The Proximal ID Algorithm

08/15/2021 ∙ by Ilya Shpitser, et al. ∙ 0

Unobserved confounding is a fundamental obstacle to establishing valid causal conclusions from observational data. Two complementary types of approaches have been developed to address this obstacle. An extensive line of work is based on taking advantage of fortuitous external aids (such as the presence of an instrumental variable or other proxy), along with additional assumptions to ensure identification. A recent line of work of proximal causal inference (Miao et al., 2018a) has aimed to provide a novel approach to using proxies to deal with unobserved confounding without relying on stringent parametric assumptions.
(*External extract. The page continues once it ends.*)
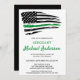Invitaciones de retiro militar de la delgada línea verde o invitaciones de fiesta de despedida militar. Estas invitaciones de fiesta del ejército de la delgada línea verde son perfectas para una jubilación militar, despedida de despliegues militares, celebración de bienvenida militar, graduación militar y fiesta de despedida de soldados. La bandera de la delgada línea verde representa a todos los militares, ejército, protección fronteriza, patrulla fronteriza, oficial de conservación, guardabosques, guardia de caza,执法 federal. Personalice esta invitación de bandera militar con el evento de su soldado, nombre y detalles de la fiesta.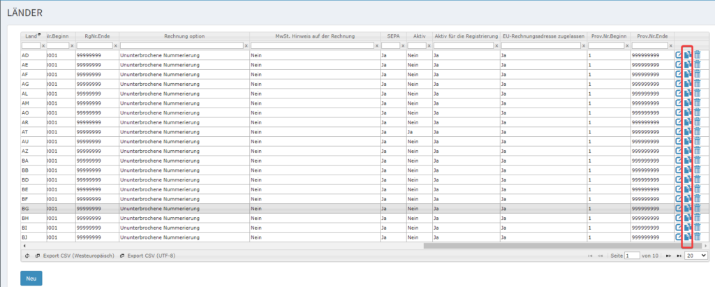Möchten Sie ein neues EU-Land in unser System integrieren? Dann empfehlen wir Ihnen, ein bereits vorkonfiguriertes EU-Land als Vorlage zu verwenden und zu duplizieren. Dies erleichtert Ihnen den Prozess erheblich. Gleiches gilt für die Hinzufügung eines Nicht-EU-Landes: Nutzen Sie ein bestehendes, vorkonfiguriertes Nicht-EU-Land als Basis für Ihre neue Konfiguration. Auf diese Weise minimieren Sie den Arbeitsaufwand und reduzieren das Risiko von Fehlern bei der Einrichtung.

On the other hand, a complete characterization of identifiability of a large class of causal parameters in arbitrary causal models with hidden variables has been developed using the language of graphical models, resulting in the ID algorithm and related extensions (Tian and Pearl, 2002; Shpitser and Pearl, 2006a,b). Celebrated special cases of this approach, such as the front-door model, are able to obtain non-parametric identification in seemingly counter-intuitive situations when a treatment and an outcome share an arbitrarily complicated unobserved common cause. In this paper we aim to develop a synthesis of the proximal and graphical approaches to identification in causal inference to yield the most general identification algorithm in multi- variate systems currently known - the proximal ID algorithm. In addition to being able to obtain non-parametric identification in all cases where the ID algorithm succeeds, our approach allows us to systematically exploit proxies to adjust for the presence of unobserved confounders that would have otherwise prevented identification. In addition, we outline a class of estimation strategies for causal parameters identified by our method in an important special case. We illustration our approach by simulation studies.